The California Parents Who Tortured And Starved 12 Of Their Children Were Sentenced To 25 Years To Life In Prison
"My parents took my whole life from me," one of their children said during the emotional sentencing hearing for David and Louise Turpin.
A California couple who shackled, tortured, and starved 12 of their children in squalid conditions for years were sentenced to 25 years to life in prison on Friday.
David Allen Turpin, 57, and Louise Anne Turpin, 50 — who have 13 children in total — pleaded guilty in February to 14 felony counts that included torture and child endangerment, roughly a year after their then-17-year-old daughter escaped their filthy Riverside home and contacted authorities.
Before issuing his sentence, Judge Bernard Schwartz addressed the Turpins in court, calling the treatment of their children "selfish, cruel, and inhumane."
"Their lives have been permanently altered in their ability to learn, grow, and thrive," Schwartz said. "To the extent that they do thrive ... it will be not because of you both, but despite you both."
During the emotional hearing, some of the children spoke on their own behalf for the first time.
"My parents took my whole life from me," one of the adult daughters — who was not identified — told the court while fighting back tears. "But now I'm taking my life back."
The daughter said she was now living independently, going to college, and "hanging out with friends."
"I saw my dad change my mom, and they almost changed me," she said. "I immediately did what I could not to become like that.
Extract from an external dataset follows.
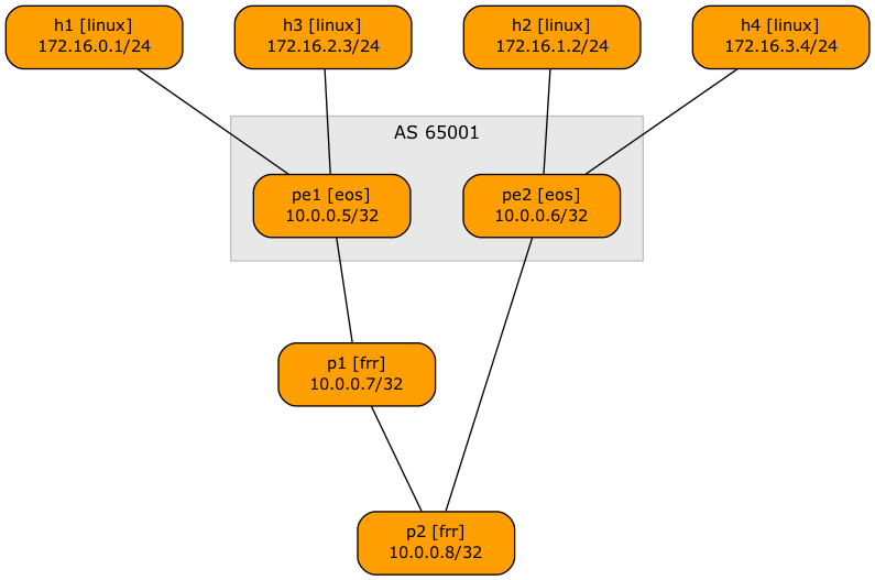 Someone recently asked me whether it’s possible to use netlab to build an MPLS/VPN (technically, BGP/MPLS IP VPN) lab with SR-MPLS core. Of course, let’s build a simple lab using Arista EOS and Linux containers to implement this topology:
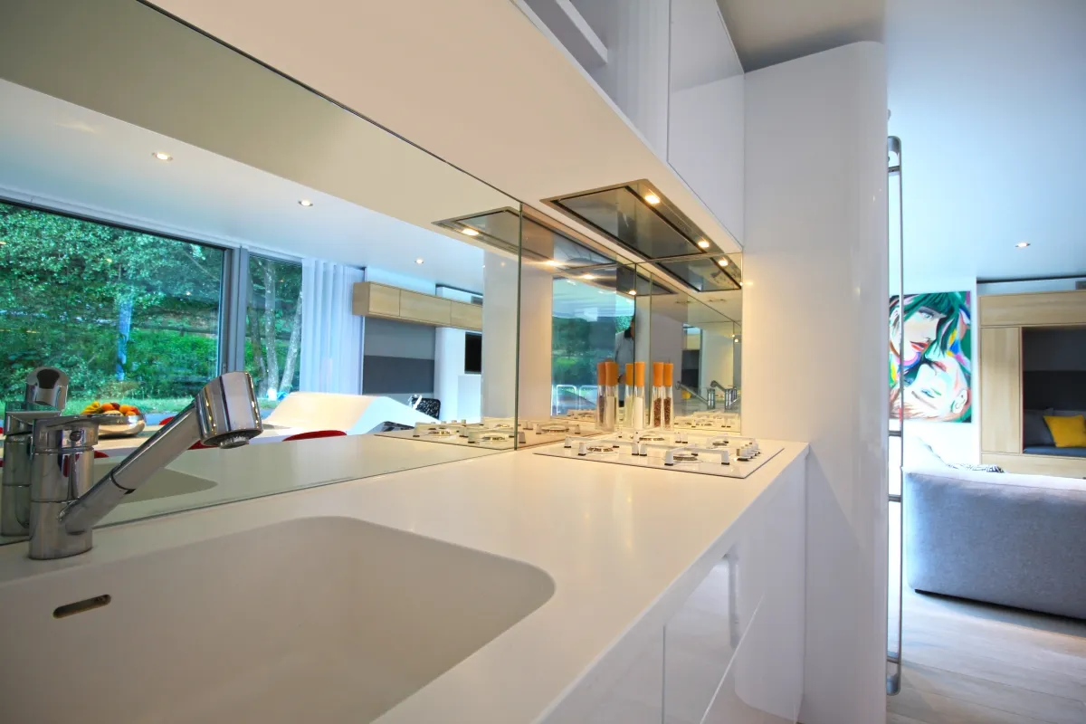 Auf dem Wasser zu leben bedeutet nicht unbedingt, auf einen komfortablen und einfachen Lebensstil zu verzichten. Boat verpflichtet sich in der Tat, ein optimales Komfortniveau zu bieten und möchte sich von dunklen und engen Kähnen durch Helligkeit, weite Räume und eine verstärkte Stabilität unterscheiden. Diese Hausboote der neuen Generation zeichnen sich durch ein schlichtes und modernes Design, hochwertige Möbel und Ausstattungen sowie modernste Technologie aus.

I'm a fighter. I'm strong."
One of the adult sons read a statement on behalf of another sibling, who wanted the court to know that "although it may have not been the best way of raising us," she still loved and forgave her parents.
For his part, the son said he could not describe in words "what we went through growing up."
"I still have nightmares of what happened, including my siblings being chained up," he said. "But that is the past, and this is now. I love my parents, and have forgiven them for a lot of the things they did to us."
The son said that after being rescued, he had learned how to ride a bike, advocate for himself, eat healthily, and prepare a balanced meal.
He said that he was getting his bachelor's degree in software engineering and was planning to get a job as a software engineer.
An advocate for another sibling read out the girl's statement in court in which she said "25 years is too long" for her parents.
"I believe my parents tried their best to raise all 13 of us and wanted to give us a good life," her statement said. "Everything they did was to protect us."
In his statement, David Turpin said his "homeschooling and discipline" for his children "had good intentions" and that he never intended to harm them.
Louise Turpin told the court through tears that she looks forward to the day when she can hug her children "and tell them I’m sorry."
"I want to say I'm sorry for everything I've done to hurt my children," she said. "I love my children so much and I'm blessed to be the mother of each one of them."
The judge told the Turpins that "any punishment given to you today will pale in comparison to the fact that you will not have an opportunity to spend your years with your children as a normal parent would."
Prosecutors said the children — who ranged in age from 2 to 29 when they were found — were almost always either shackled to their beds or kept in separate rooms, and were allowed to shower only once a year.
They were punished with beatings and strangulations and were so severely malnourished that police officers initially thought all of them were minors. One child, aged 12, was the weight of an average 7-year-old, while a 29-year-old sibling weighed 82 pounds.
Several of the siblings also had cognitive impairment and nerve damage from being chained and beaten, authorities said.
Jack Osborn, an attorney for the adult Turpin children, told reporters that the children had gained weight and strength and that they were living in apartments, going hiking, and taking an interest in sports.
He said that they all loved their parents but that some of them didn't want to speak to their parents for a long time.
"Our clients are most of all survivors, not victims," Osborn said.